On today’s show, we discuss the pace of change in organizations and the impact it is having on leaders.
Julie Noonan believes in unapologetic authenticity, candor, integrity and humor. She will tell you the TRUTH, even if it stings. Her strengths include:
- Genuine love of people in all their messiness
- Talent for idea-generation that helps her clients expand their thinking and innovate
- Keen focus on maximizing the talents of others
- Ability to recognize the inherent connections between concepts, disciplines, ideas and people to create better solutions
- Firm belief in creating real relationships with clients to “meet the need beneath the need”
- Intuition to “feel” the culture and energy in an organization to guide adjustments needed to better align with mission
- Formidable ability to confidently, and tactfully, call “BS”, speaking truth to power
- Stubborn resilience in the face of failure
- Determination to continue learning and growing
Julie has years of executive-level experience in consulting in both the private and public sectors, as well as years of experience as a corporate employee. She has spent her career coaching leaders at all levels in many industries and through many challenges – both professional and personal.
- One important concept in today’s workplace to keep in mind is that we are in the last years of the boomer generation in the workplace. They will naturally be nervous about becoming obsolete at the end of their working years due to the changes brought on by the newer generations. Great leaders will maximize their value as long as possible.
- Change impacts different generations differently. Boomers have initiated change most of their careers, and now they are more often the recipients of change. They are staying in the workplace longer, often retiring and then starting their own businesses or consulting because they are driven to contribute. Millennials tend to be more confident and collaborative, embracing change. Appreciating the value of each generation will lead to the greatest success.
- For a successful change, involve influencers in the local office in initial testing and place them physically near those employees that you expect to struggle.
- Allowing enough time for adoption of the change will save the company money over an unadopted change. Impatient leaders need to remind themselves that they knew about the change long before the employees. The employees need time to process the change as well. Educating them and answering questions will be a big key to success.
- Sponsors should be well-regarded, influential, and be able to make big-ticket decisions.
- First time sponsors – get help. Find an experienced change manager or a coach to help you get through the tough spots.
- Great project managers can convey the project status to sponsors and committee meeting members in a simple way, but not be insulting.
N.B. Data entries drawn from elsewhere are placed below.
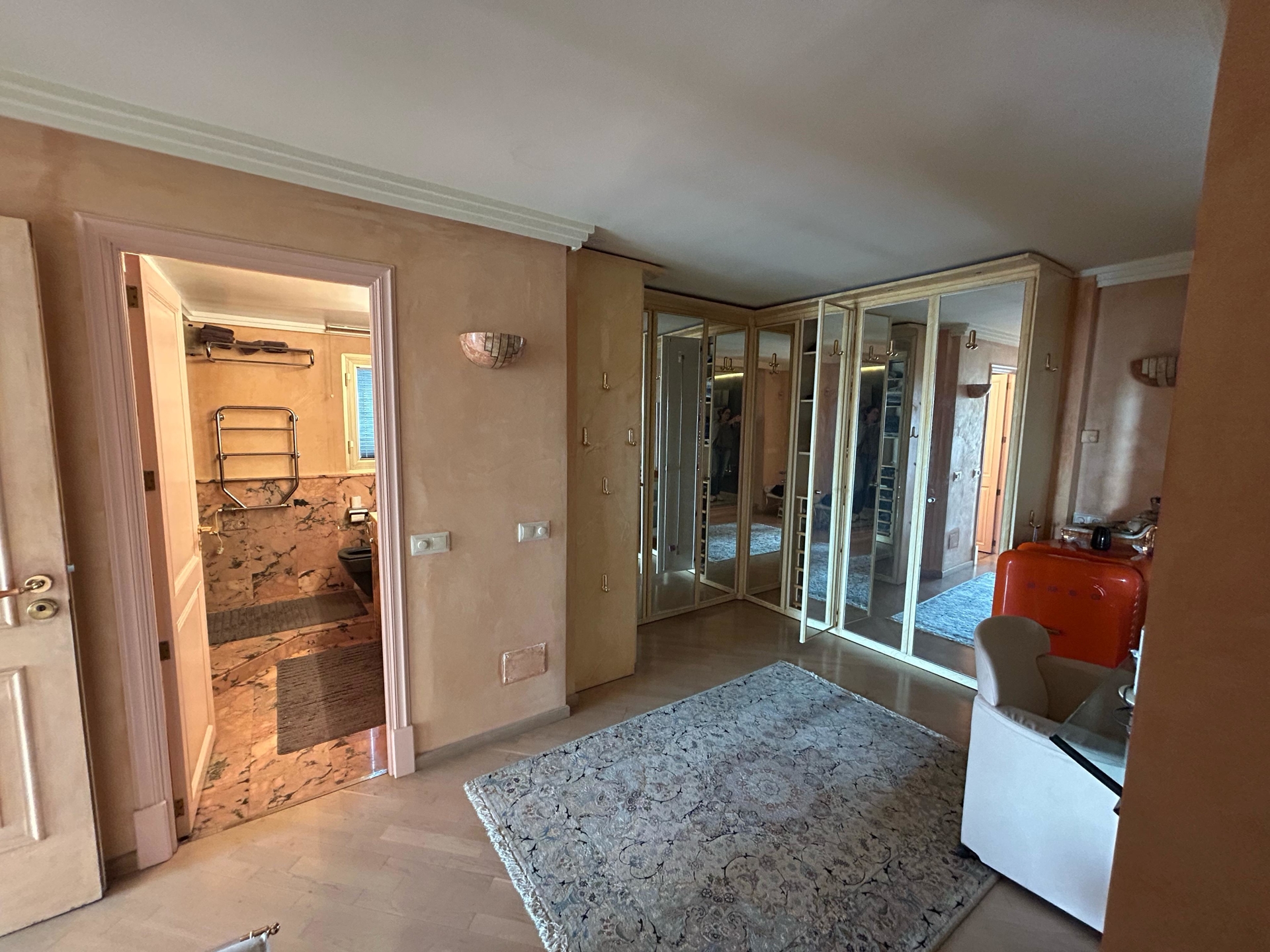 Das Penthouse verfügt über drei Schlafzimmer und zwei Bäder sowie ein separates Gäste-WC. Zwei der Schlafzimmer sind jeweils einem separaten Bereich zugeordnet und bieten mit eigenen Wohnnischen ein hohes Maß an Privatsphäre – ideal für Gäste, Kinder oder Arbeiten im Homeoffice. Alle Wohnräume sind mit Einbauschränken ausgestattet und klimatisiert. Die Böden bestehen aus Parkett und Laminat, die Fenster sind doppelt verglast.
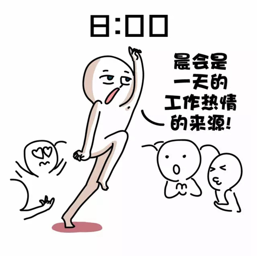 上戰(zhàn)場(chǎng)前,需要知己知彼。早會(huì)上,你匯報(bào)昨天的工作情況,安排今天的工作,最后,領(lǐng)導(dǎo)會(huì)給你帶來(lái)一碗雞湯,成為一天的工作熱情的來(lái)源。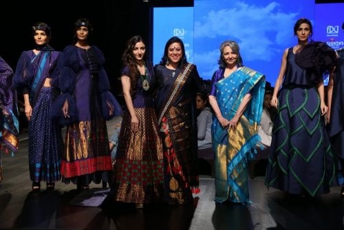 The sky over our head is the biggest assurance to preserving all that nature has given us. Handloom is an outcome of the beautiful climate mix and to be in gratitude to nature we dedicate our collection to it wholeheartedly. Mother-Daughter duo Sharmila Tagore and Soha Ali khan enhance and sparkling the ramp. Sharmila looked very dapper in a Mekhla Chadar, and Soha was graceful and stylish in a lehenga.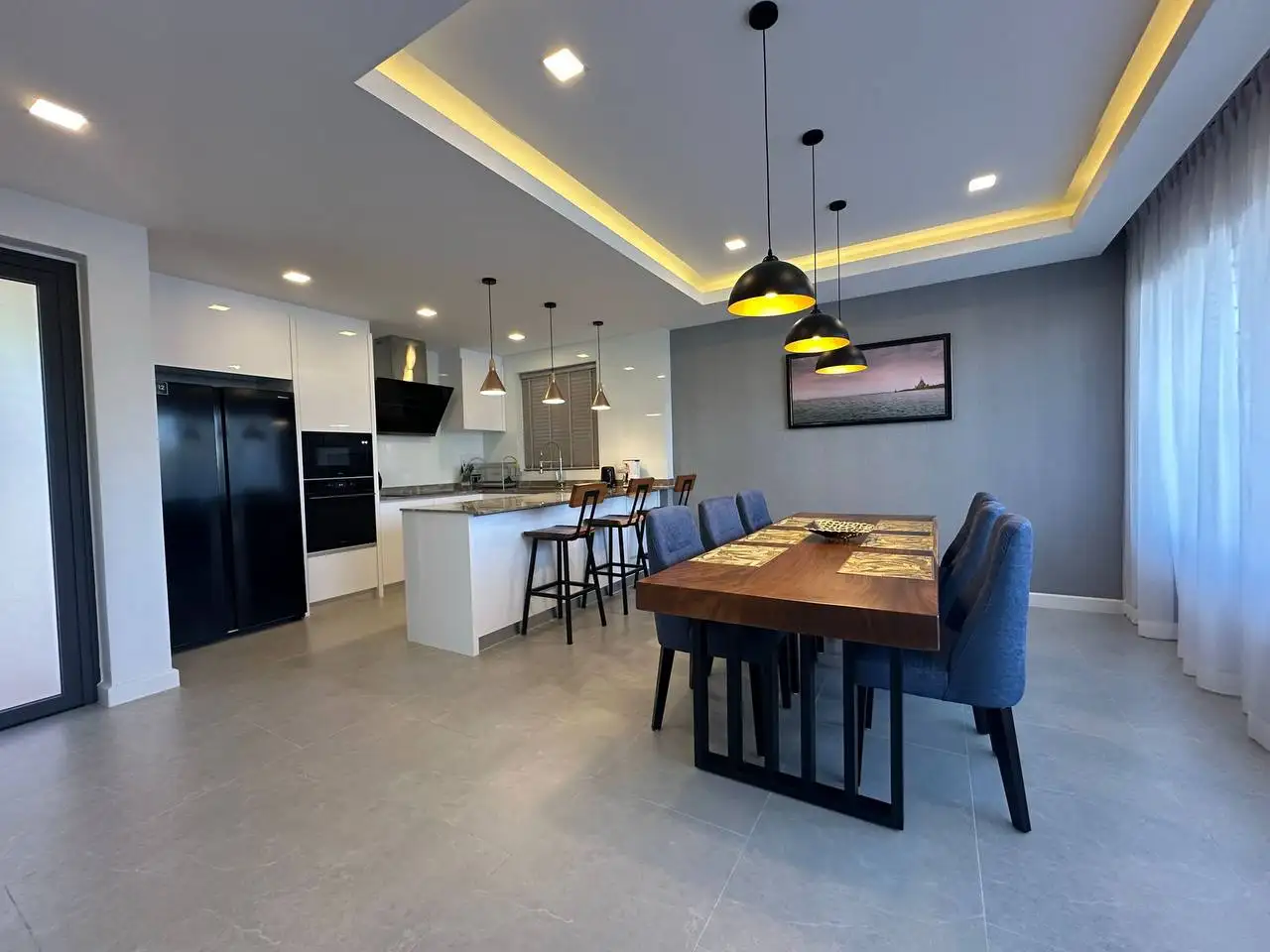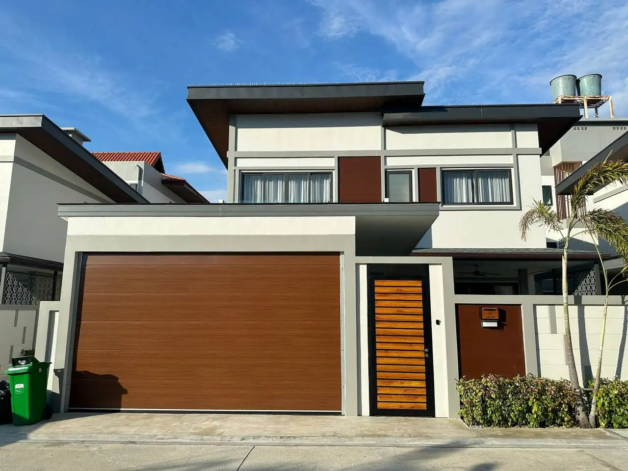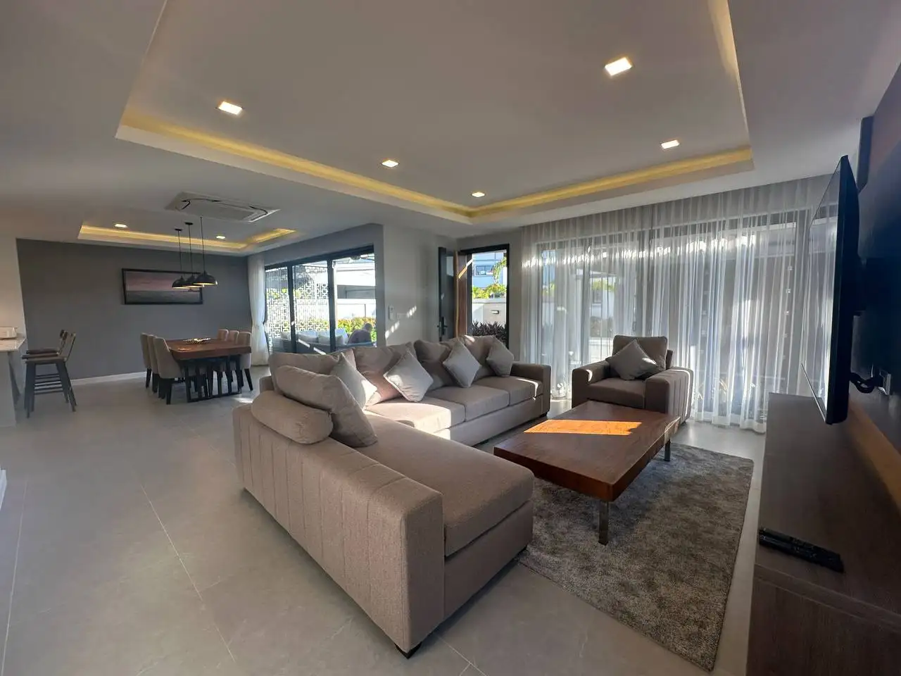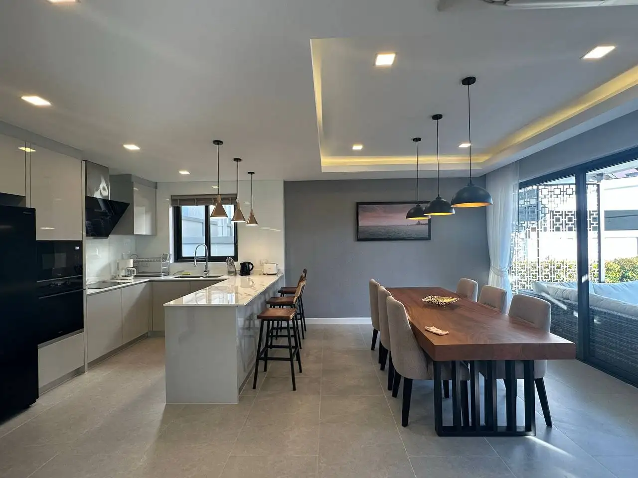 Особенности: Частные бассейны, тропическое озеленение, стильный дизайн потолков, современные электросети западных стандартов, алюминиевые окна с порошковым покрытием, прочные двери, встроенные шкафы, возможность заказа полной меблировки "под ключ", гараж на 2 автомобиля, зарядная станция для электромобилей, солнечные панели, джакузи (по желанию), бытовая техника (посудомоечная машина Hafele, стиральная машина LG 10 кг), LG телевизоры (65" в гостиной, 55" на террасе, 50" в спальнях), обеденный стол из акации 240x90 см с 6 мягкими стульями, угловой диван с тканевой обивкой, мраморный кофейный столик, ковёр, L-образный диван на улице, шезлонги, барные стулья для кухонного острова, холодильник с морозильной камерой, полный комплект постельного белья, шторы и жалюзи.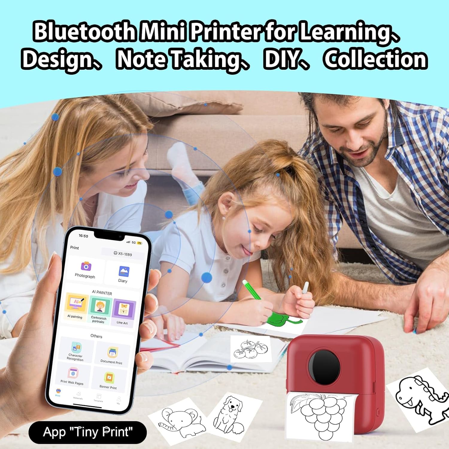 - 2025 Newest Printer & Pocket Portable: The HuiJuKeJi photo printer size is 82*82*45 mm, and it only weighs 210g, can be loaded with pockets, bags.It is easy to print anytime, anywhere, and can recognize text, pictures, tables, emoticons, QR codes, etc. Attention: Please follow the printer's user manual to search for "Tiny Print" in the App Store or Google to connect and use. Please search for a connection through the app instead of using the Bluetooth on your phone

- Business analysts are valuable to consult with in the beginning to understand the concerns of the group early on.
Top 3 Takeaways:
- Reverse mentoring. Putting boomers and millennials together brings out the best in both employees. The boomers can help develop the millennials in the company, and the millennials can help the boomers with current trends so they can stay relevant in the remaining years of their careers.
- Coaching is not just for leadership development. It’s for any person in their career where they might need an extra set of ears or an objective viewpoint to help them through something that is blocking them from moving forward or being the best leader they can be. Check with your HR department to see if hiring coaches is an option or hire a coach from your own personal funds to improve your career.
- Get change management involved as early as possible, even during the initial contemplation phase of a big change.